His popular 2004 song cycle, "Ayre," presented last week by the Santa Fe Chamber Music Festival, is hard to classify except as a skillful mingling of genres: classical, pop, ethnic. Composed for soprano and an eclectic ensemble, the work mostly uses a mixture of Jewish, Arabic and Christian texts, most of them derived from the poetry and music of southern Spain. (Think Jordi Savall's Hespèrion XX recordings.) Most are medieval in origin. I use all these "mosts" because the most original of Golijov's settings is of the recently deceased, politically involved Palestinian poet Mahmoud Darwish's poem, "Be a String, Water, to My Guitar." Many "Ayre" texts deal with sorrow, exile and loss. Darwish's refrain, "Conquerers come, conquerers go," places the cycle in a poignant contemporary context, especially from a Jewish composer.


Dawn Upshaw, this season's SFCMF artist in residence and the work's soloist, has been associated with "Ayre" from its beginning. She's long been a champion of new compositions, and vocal challenges abound in "Ayre," with the singer required to sing, mutter, intone and speak. Upshaw's glowing middle range was more than up to the task. Golijov's score is notable also for his sophisticated, iridescent instrumentation, often electronically augmented. The concert thrilled its audience at St. Francis Auditorium. Frankly, I'd rather have heard it at Bleecker Street's (le) poisson rouge.


Remember last year’s Jeremy Denk recital, his lucid commentary upon and performance of the Ives “Concord Sonata”? The man was back this season with what he proclaimed a “perverse” program. Denk opened with Bach’s F-sharp Minor Toccata, a many-sectioned, many-key-signatured touch-piece with a final fugue concluding in F-sharp Major. This gave Denk perverse permission to proceed without pause into the first of the six Ligeti Piano Études, Book One (1985), wittily entitled “Désordre,” also in Bach’s key and also a demanding touch-piece.


Like the Chopin études, each of Ligeti's focuses on a single technical issue: diatonal versus pentatonal pitch fields; blocked-out, unsounded notes; daunting polyrhythms.

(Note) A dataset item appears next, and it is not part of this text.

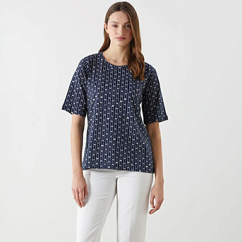 مدل تصویر سایز ام این تیشرت زنانه طرحدار ال سی را بر تن دارد. طرح روی تیشرت زنانه چاپ است.

Also like Chopin, each has a distinct musical personality requiring enormous technical skills. Denk makes nothing of Ligeti's superhuman difficulties. Bringing a surprising (perhaps perverse?) conclusion to the program, Denk's reading of the Beethoven Sonata No. 32, Op. 111, the composer's last, was luminous, fluent, probing.


The SFCMF's Aug. 3 noon concert featured six artists, all borrowed from the Santa Fe Opera's orchestra, in a swell, summery program for piano and winds definitely ranking among those "sounds and sweet airs that give delight and hurt not" that Caliban brags about. The Mozart Quintet for Piano and Winds, K. 452, received a sterling performance from the SFO's chief conductor, Frédéric Chaslin, piano, plus Robert Ingliss, oboe; Todd Levy, clarinet; Theodore Soluri, bassoon; and Gabrielle Finck, horn.


With the composer at the piano, Chaslin’s exuberant “Gypsy Dance” from his 2010 opera, Wuthering Heights, recalled every many-splendored Hungarian rhapsody you’ve ever heard. Flutist Bart Feller joined the ensemble for Poulenc’s hyper-Gallic Sextet for Piano and Winds, in a fearless, effervescent, chic reading that sent all of us smiling into the sunshine.